Is it possible to make a rule in .htaccess with the following conditions:
If the origin IP comes from internal network, pass to home page.
else
if the origin IP is not internal network then direct to login page.
Im unsure of the search term so any help would be great.
lucy24
8:04 pm on Feb 3, 2014 (gmt 0)
Are you asking about your own internal network, such as an institutional site? Not any old internal network generically, right?
If the network has its own IP address that isn't used by anyone else, all you need is a {REMOTE_ADDR} condition. There are other approaches, but that's the simplest.
chrisguk
8:21 pm on Feb 3, 2014 (gmt 0)
Yes you are correct. I have an intranet that users can view a "intranet" website. So what I am attempting to do is state if the request comes from anything other than the 10.0.0.0/8 network then use the .htpasswd file to request authentication or a login page whatever is easier.
phranque
8:38 pm on Feb 3, 2014 (gmt 0)
if the origin IP is not internal network then direct to login page.

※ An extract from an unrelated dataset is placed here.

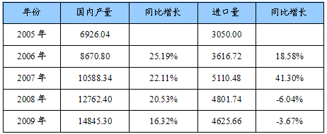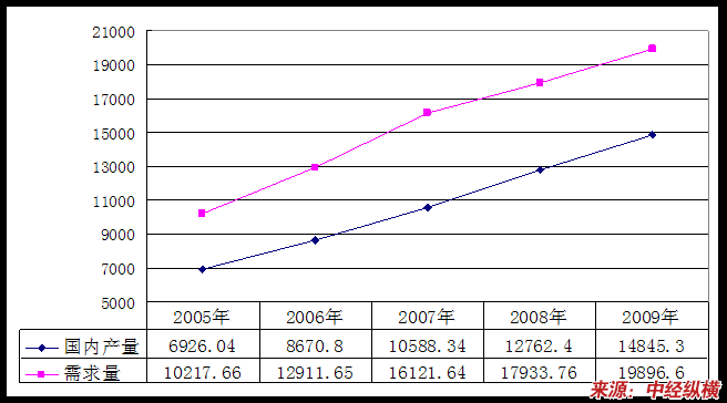 从供需平衡图中可以看出,国内市场需求持续增长,国内产量难以满足市场需求,国内市场呈现供不应求态势。
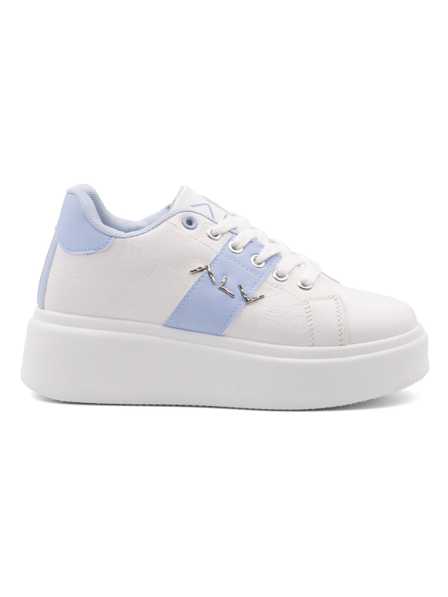 Il contrasto cromatico tra il bianco luminoso e gli accenti azzurri dona un tocco di originalità, rendendo queste scarpe un vero e proprio accessorio fashion. La chiusura con lacci assicura una calzata personalizzata e confortevole, mentre la suola platform aggiunge un tocco moderno e slanciato.

it depends on what you mean by a "login page". if HTTP Basic authentication is sufficient, you could do something like this:
<RequireAny> Require ip 10 Require valid-user </RequireAny>
and also your AuthType and other required authentication directives.
if you need a login web page then you could use mod_rewrite to redirect the visitor to the login page.
lucy24
11:55 pm on Feb 3, 2014 (gmt 0)
<RequireAny>
:: detour to Apache docs ::
Oh, I see. In 2.2 "Require" is only a directive. In 2.4 it's also an envelope, with "RequireAll" and "RequireAny" options. And it's all shifted from core to a named mod. At this point it's probably safe to assume 2.2 though.